That would be my best bet, I hope this mare will be ok. I am actually pleased you are doing somthing about it, most people will look and just say "Not my problem" But I commend you for having a care for the poor girl.

Good luck!


----------



## Kennedy (Jan 4, 2011)

So I just left the barn a message and my number. I really hope they alert the owner; the mare needs to get her hooves trimmed asap.

We shall see I guess...


----------



## Kennedy (Jan 4, 2011)

So minor update, if anyone cares:

I told my trainer in an email that I notified the barn and now she is telling me to call them back and tell them it is none of my business. She thinks it will get HER in trouble. And that she could care less if the horses leg fell off. I thought she cared about the care of animals. You can't trust anyone.


----------



## DressageIsToDance (Jun 10, 2010)

I'd call your local animal control/humane society and leave that barn - I would not train with any trainer who felt so cold about a living creature that is obviously suffering. I would also tell her exactly why you are leaving, and maybe it will get her thinking.

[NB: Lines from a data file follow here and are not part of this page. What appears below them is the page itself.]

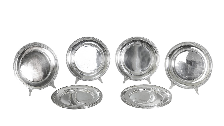 SERIE DI DODICI SOTTOPIATTI IN ARGENTO bordi sbalzati con motivo a palmette gr 5110 A SET OF TWELVE SILVER UNDERPLATES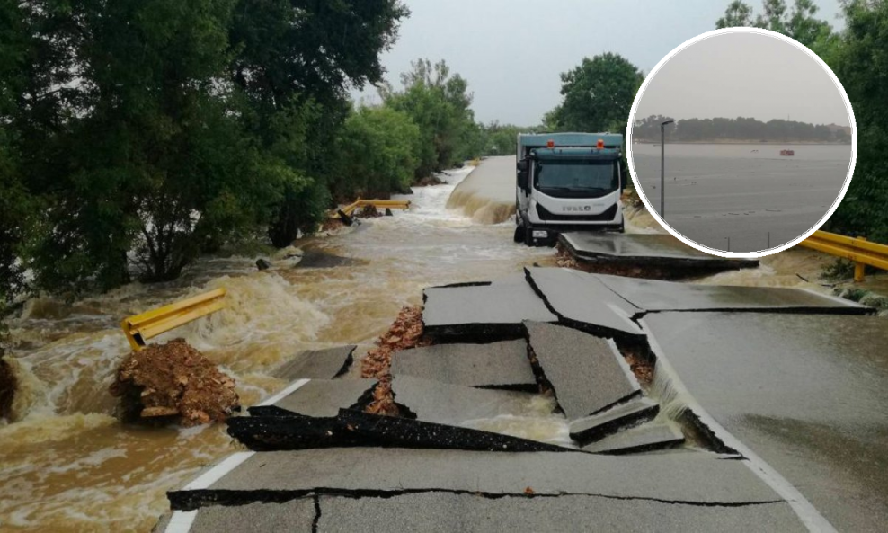 Nakon iscrpljujuće sezone požara koji su cijelog ljeta pustošili po Dalmaciji, vatrogasci su danas imali pune ruke posla, ovog puta s vodom. Intervencije nisu bile nimalo bezazlene što dokazuje snimka koja pokazuje vatrogasno vozilo zarobljeno u vodi u Ninu kod Zadra. Sličan prizor i u Bibinju. Kod Ražanca bujica je odnijela cestu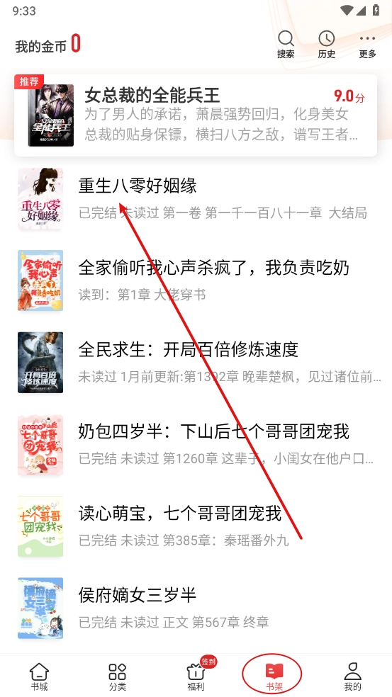 3、最后进入书架板块,即可看到加入的目标小说了。

It sickens me how so many things in the horse world are hushed up.


----------



## corinowalk (Apr 26, 2010)

While I believe that your heart is in the right place, you do need to understand that this really isn't your concern. If you are that upset about the horses condition, let your trainer know that you are uncomfortable training at a barn that would allow a horse to get in such a state. 

Your trainers business relies deeply on a barn allowing her to train there. Some barn owners take deep offense to outsiders commenting on boarder horses conditions. I know I would. While you see it as just trying to help, others will feel that it is meddling in someone elses business. 

Also, you are not at the barn 24/7. What if this horses owner comes later/earlier than you do. What if this horses owner is sick? What if they are disabled? What if life circumstances have taken them away from horses? While it is hard for us to imagine a life without horses, life happens.


----------



## tinyliny (Oct 31, 2009)

Although I don't condone the trainers attitude, I can understand it. For her, it might mean losing her job if she interferes with any boarder's horse. I bet in her career there have been SOOOO many situations where she saw a horse being neglected or mistreated and her heart ached to do something about it, but ONE she cannot help them all, and TWO, she is dependent on horse owners paying for her services, so she mush keep her mouth in careful control. It is a hard place to be.

On the other hand, I don't see how she thinks that the barn owners will think YOUR emailing them had anything to do with her.
How very distressing for you and for this poor mare. I hope that a solution materializes that works for you guys . I know I would find it hard to walk away.


----------



## PintoTess (Aug 18, 2010)

I DO understand it is HER responsibility as an owner to care for her horse and provide adequate services for it, if she isn't taking care of this mare, I think that action should be taken. If she is disabled, sick ect, wouldn't she have someone caring for the horse for her?
I am not starting an arguement here guys


----------



## DressageIsToDance (Jun 10, 2010)

If she said she didn't care if the horse's leg falls off (I'm sure that was an exaggeration, but nonetheless), I don't see how this trainer's heart has ached for much. Just my feelings on it.

Whether the owner comes earlier or later is irrelevant. Neglect is neglect is neglect. Whether they come at all or come all the time. If they are sick or disabled, either they think the horse is being cared for and would WANT to know, or they don't care and it needs to be taken away.

Maybe it's just my barn, but I know my barn owner doesn't tolerate anyone lacking on care for the horses - the boarder's horses are cared for to an at least acceptable level, or they are asked to leave and she notifies AC.


----------



## corinowalk (Apr 26, 2010)

So you are willing to condemn an owner you don't know based upon statements coming from a person you don't know? 

If the horse is in danger or is terribly thin, that is the BO's problem. If the horse needs a brushing and a trim, that is the owners problem. Neither are any of the OP's business. 

OP how long has this horse been in this state? How long have you been there?


----------



## corinowalk (Apr 26, 2010)

Kennedy said:


> So at my barn, in the area that my trainer has her horses, there is this tall bay mare. I've never once seen an owner take her out and the only interaction she *seems* to get is from me on the weekends from outside her stall and the hired hands mucking and feeding.
> 
> *OP doesn't know this to be fact. Other lesson students, her owner, may be out at other times during the day/week.*
> 
> ...


----------



## DressageIsToDance (Jun 10, 2010)

Based on the information at hand yes. It's my opinion assuming what the OP says is correct. And it's not necessarily condemning anyone, perhaps I came off too harsh. But I think it should be looked into.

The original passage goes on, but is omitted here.